Magic thinking marketers are those who believe that “sharing,” “earned media value,” or “smiles,” are acceptable proxies for business value when measuring experiential marketing. They are our Measurement Menaces of the Month.
We totally share Sam Ruchlewicz’s disdain for marketers who use pseudo metrics to “measure” their events (see his article on measuring M&M’s experiential marketing). As Sam points out, M&M’s measured success (or only tried to, actually) in terms of:
- 26,000 consumer impressions;
- 2,200 tweets of the M&M’s hashtag, #UnsquareCaramel, and
- the garnering of more than 6 million earned social impressions.
They give completely unwarranted credit to impressions, declaring with awed-by-large-numbers pride that the brand’s earned media outreach resulted in “more than 147 million impressions, and the effort overall generated 466 million impressions to date.”
If I was an investor, a board member, or a CFO I would first say “So what?”and then ask:
- Did the event increase market share relative to other new candy flavors launched this year?
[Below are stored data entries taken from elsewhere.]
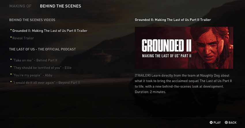 Sie können sich den Trailer (außer auf dem Naughty Dog YouTube-Kanal) unter dem Reiter "Making of" ansehen, indem Sie "Hinter den Kulissen" auswählen. Dort können Sie sich auch eine Reihe von Podcasts anhören, in denen Entwickler und Schauspieler über wichtige Aspekte des Spiels sprechen.
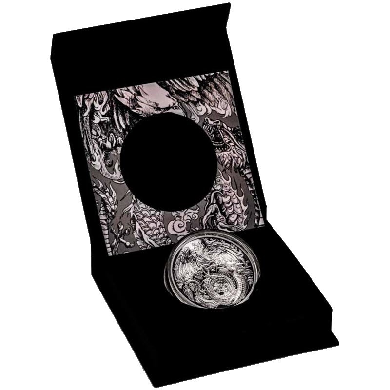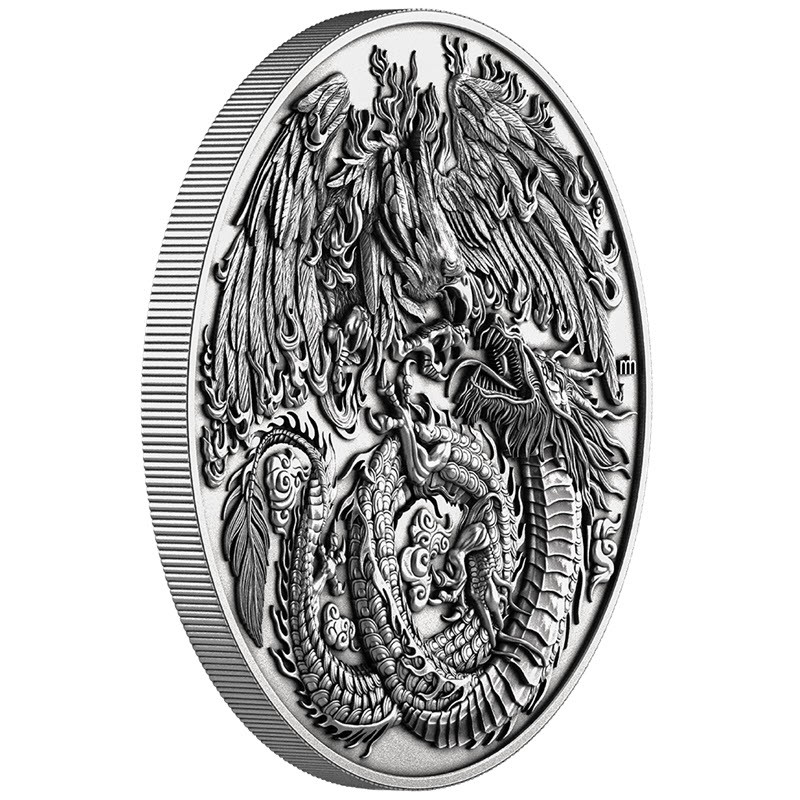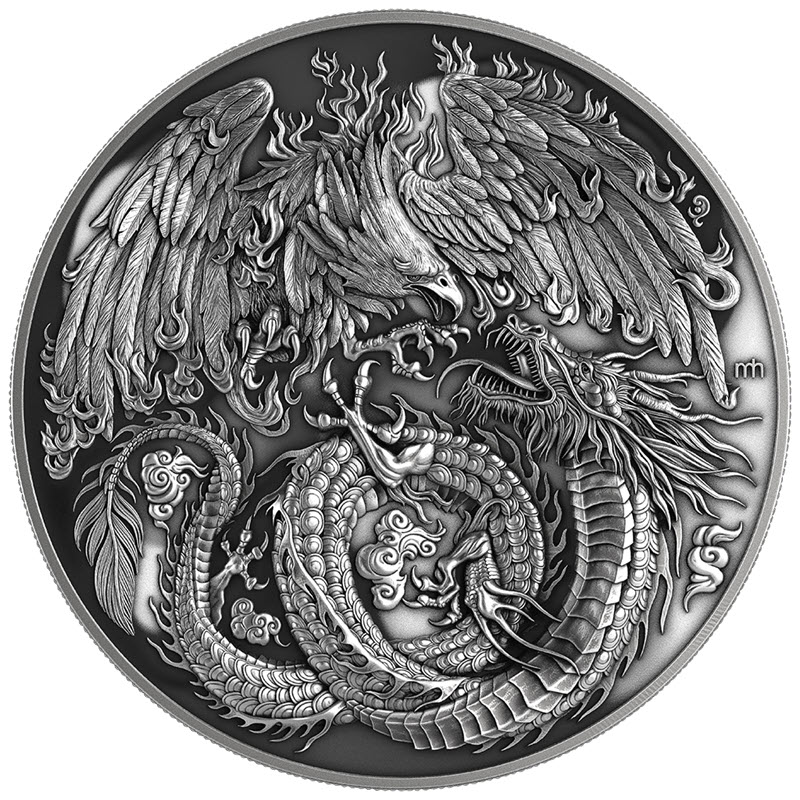 Эта удивительная серебряная монета весом в 2 унции посвящена фениксу и дракону. У нее качество пруф и ультравысокий рельеф. Поставляется в оригинальном футляре с сертификатом подлинности. Тираж: 222 штуки.
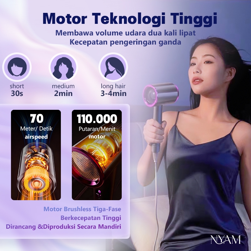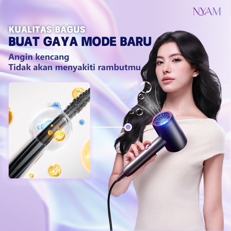 Nyam Hair Dryer: 300 Millions Of Negative Lons, Fast-Drying, Noiseless, Hot & Cold Dual Modes

- Was it more or less successful than their launch of mint-chocolate M&M’s?
- What was the relative increase in market share relative to marketing spend?
- How many full-price packages did they sell as a result of the event vs. a year-long TV campaign?
- And most critical of all: Was it cost effective?
But no one, apparently, thought to anticipate these questions ahead of time. And worse, the metrics that were collected did not allow them to be accurately answered after the fact. All-in-all a giant measurement fail.
M&M’s is just one example of many Measurement Menaces that indulge in magical thinking relative to experiential marketing. Adweek reported that Deb Curtis, vice president of global partnerships and experiential marketing for American Express, believes that smiles are just as good a measure as revenue: “Sometimes the best research of all is looking at people’s faces and seeing how they’re responding. It’s a tried-and-true way to see what’s working.”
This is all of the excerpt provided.